§ TASK GOAL: Once "尽管中央及各地政府已在积极探" turns up in a line below, reproduce that line and those after it exactly, stopping after the line with "Wraps mit Hähnchen, Paprika-Zwiebel-Gemüse, Avocado, Käse"; leave pictures out.

§ MATERIAL TO PROCESS:
┌──
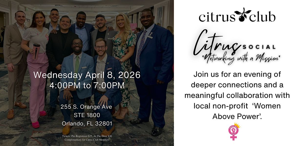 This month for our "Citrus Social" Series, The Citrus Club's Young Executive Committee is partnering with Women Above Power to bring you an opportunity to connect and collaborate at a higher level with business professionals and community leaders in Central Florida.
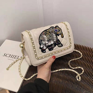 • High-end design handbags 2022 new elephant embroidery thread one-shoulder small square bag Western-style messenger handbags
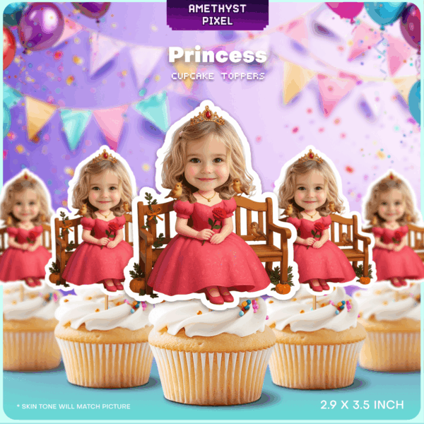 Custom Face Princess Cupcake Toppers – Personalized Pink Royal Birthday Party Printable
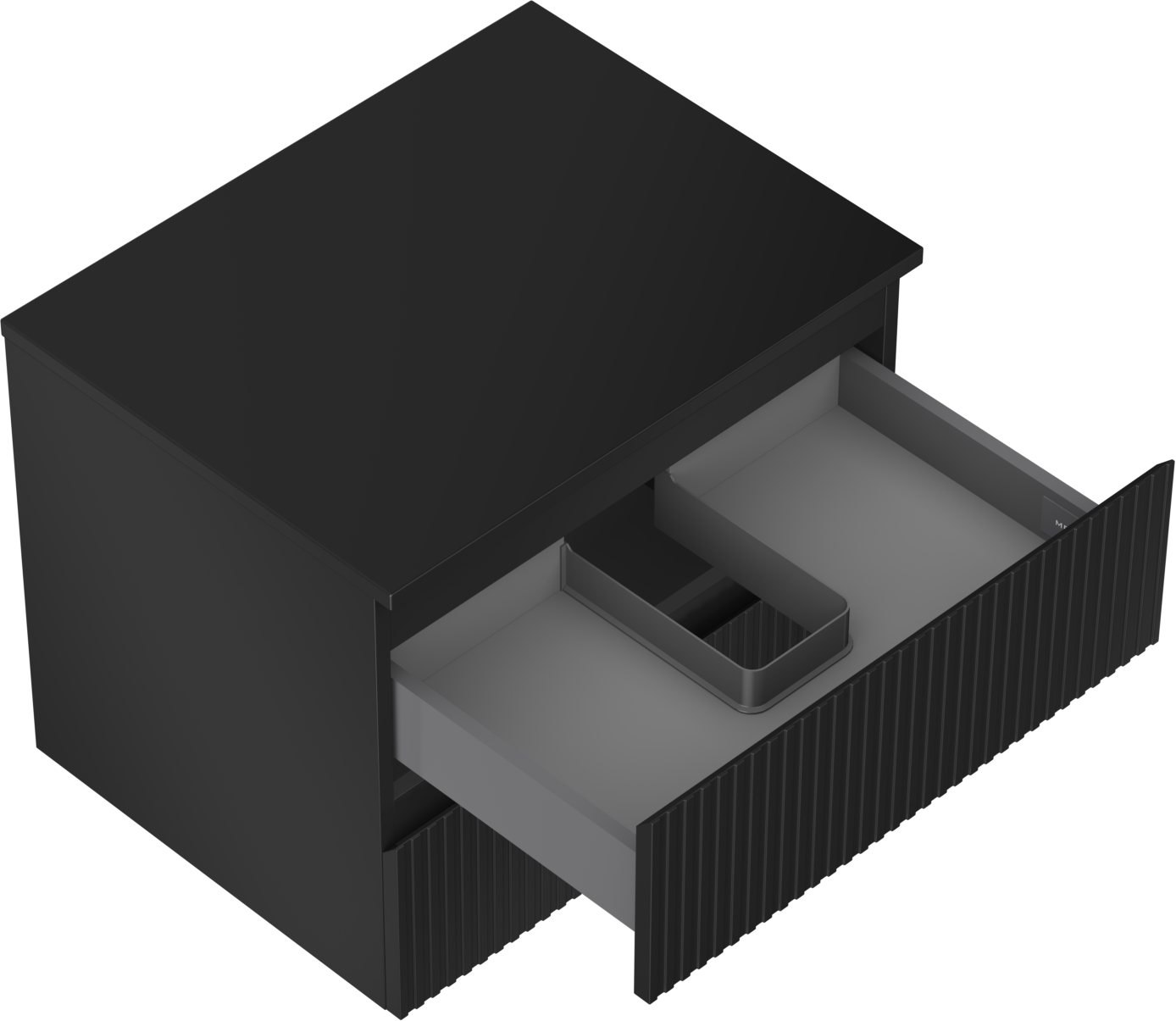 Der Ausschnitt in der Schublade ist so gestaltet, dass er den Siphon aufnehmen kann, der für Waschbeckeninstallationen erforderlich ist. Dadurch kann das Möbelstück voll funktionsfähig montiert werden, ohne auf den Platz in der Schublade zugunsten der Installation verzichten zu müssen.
└──
┌──
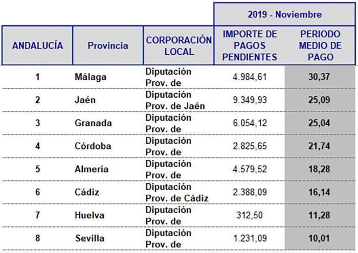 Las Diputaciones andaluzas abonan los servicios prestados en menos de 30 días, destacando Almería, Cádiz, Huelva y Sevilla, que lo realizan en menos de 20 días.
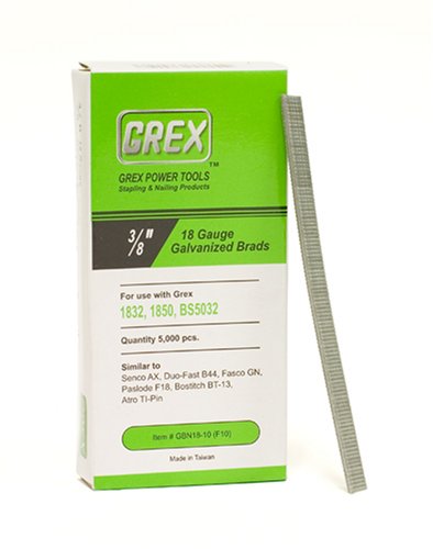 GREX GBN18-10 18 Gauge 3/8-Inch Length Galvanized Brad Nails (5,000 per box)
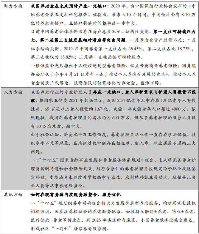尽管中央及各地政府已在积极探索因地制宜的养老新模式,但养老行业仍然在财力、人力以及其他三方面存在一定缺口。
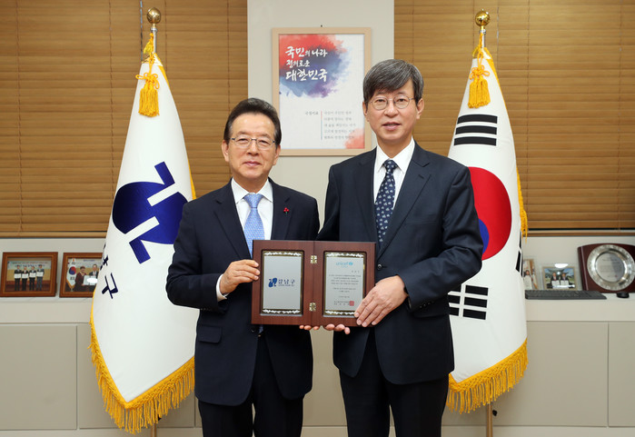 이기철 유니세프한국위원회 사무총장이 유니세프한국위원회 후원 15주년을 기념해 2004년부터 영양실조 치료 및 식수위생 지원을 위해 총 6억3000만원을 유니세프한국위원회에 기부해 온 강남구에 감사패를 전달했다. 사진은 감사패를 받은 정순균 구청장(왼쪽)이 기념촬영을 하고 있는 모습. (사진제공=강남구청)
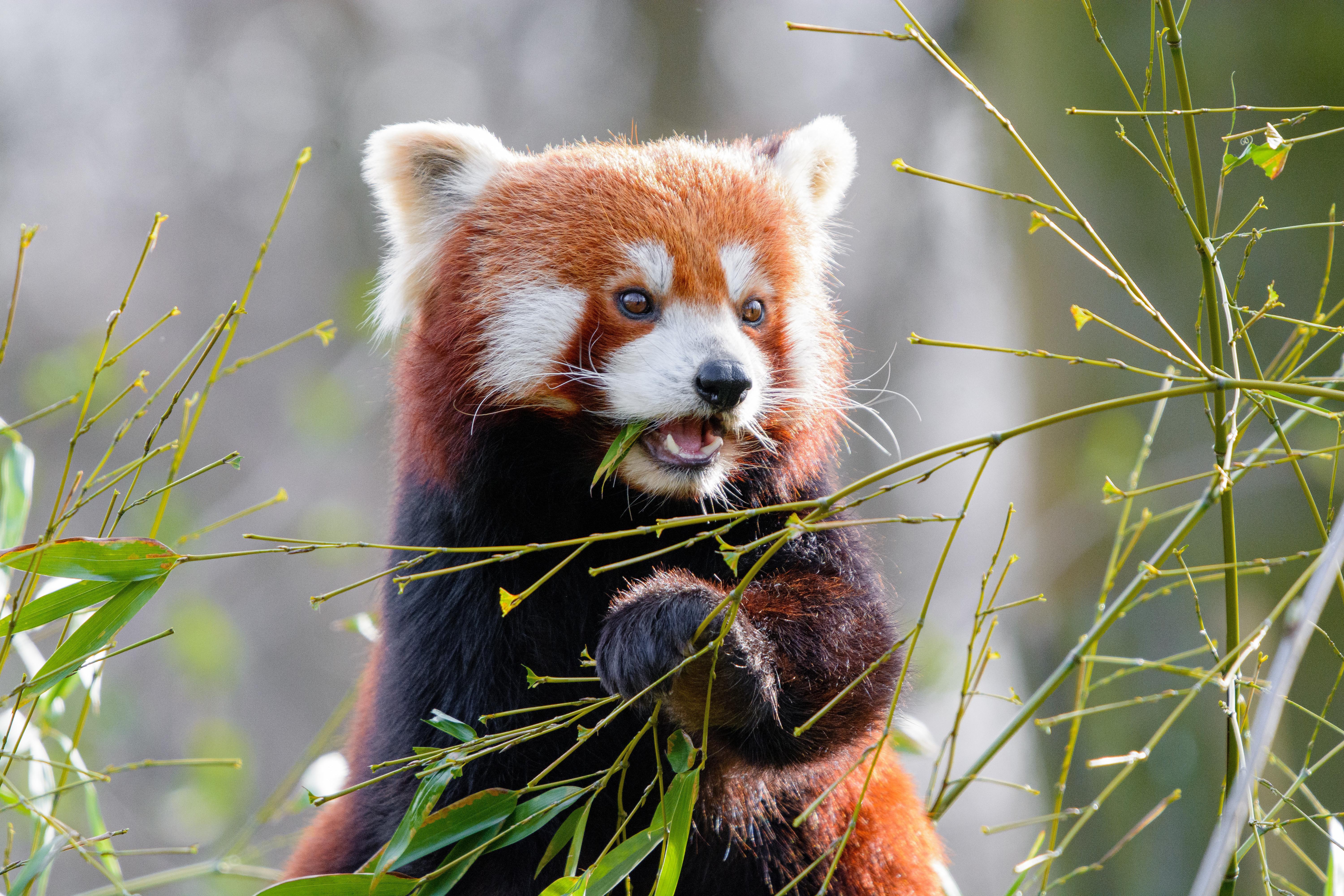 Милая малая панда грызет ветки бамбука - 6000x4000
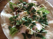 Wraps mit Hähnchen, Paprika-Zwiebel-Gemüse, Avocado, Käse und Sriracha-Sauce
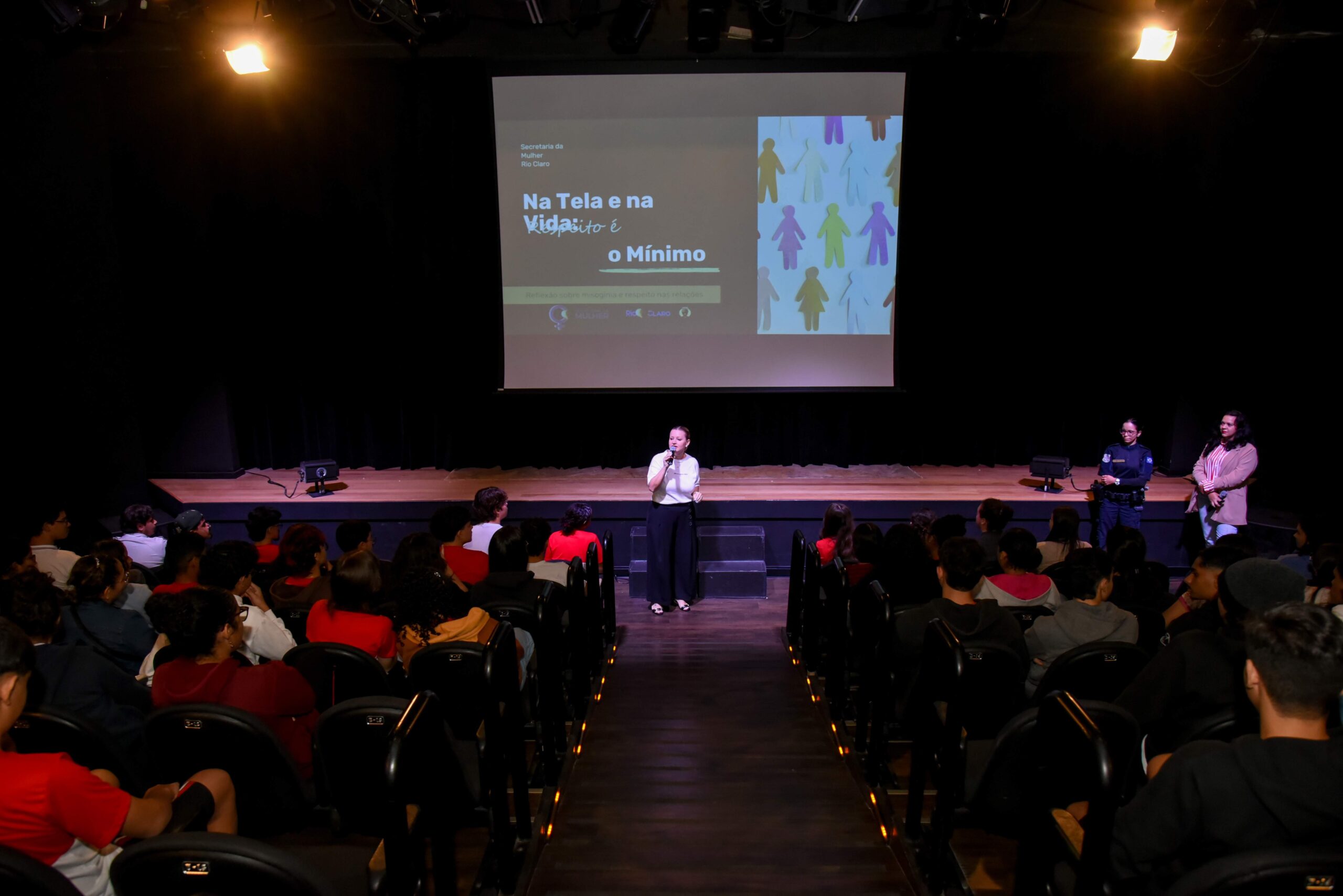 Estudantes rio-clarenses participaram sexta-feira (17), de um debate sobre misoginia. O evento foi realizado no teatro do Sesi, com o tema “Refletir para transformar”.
└──
§ SOLUTION TO THIS TASK:
尽管中央及各地政府已在积极探索因地制宜的养老新模式,但养老行业仍然在财力、人力以及其他三方面存在一定缺口。
 이기철 유니세프한국위원회 사무총장이 유니세프한국위원회 후원 15주년을 기념해 2004년부터 영양실조 치료 및 식수위생 지원을 위해 총 6억3000만원을 유니세프한국위원회에 기부해 온 강남구에 감사패를 전달했다. 사진은 감사패를 받은 정순균 구청장(왼쪽)이 기념촬영을 하고 있는 모습. (사진제공=강남구청)
 Милая малая панда грызет ветки бамбука - 6000x4000
 Wraps mit Hähnchen, Paprika-Zwiebel-Gemüse, Avocado, Käse und Sriracha-Sauce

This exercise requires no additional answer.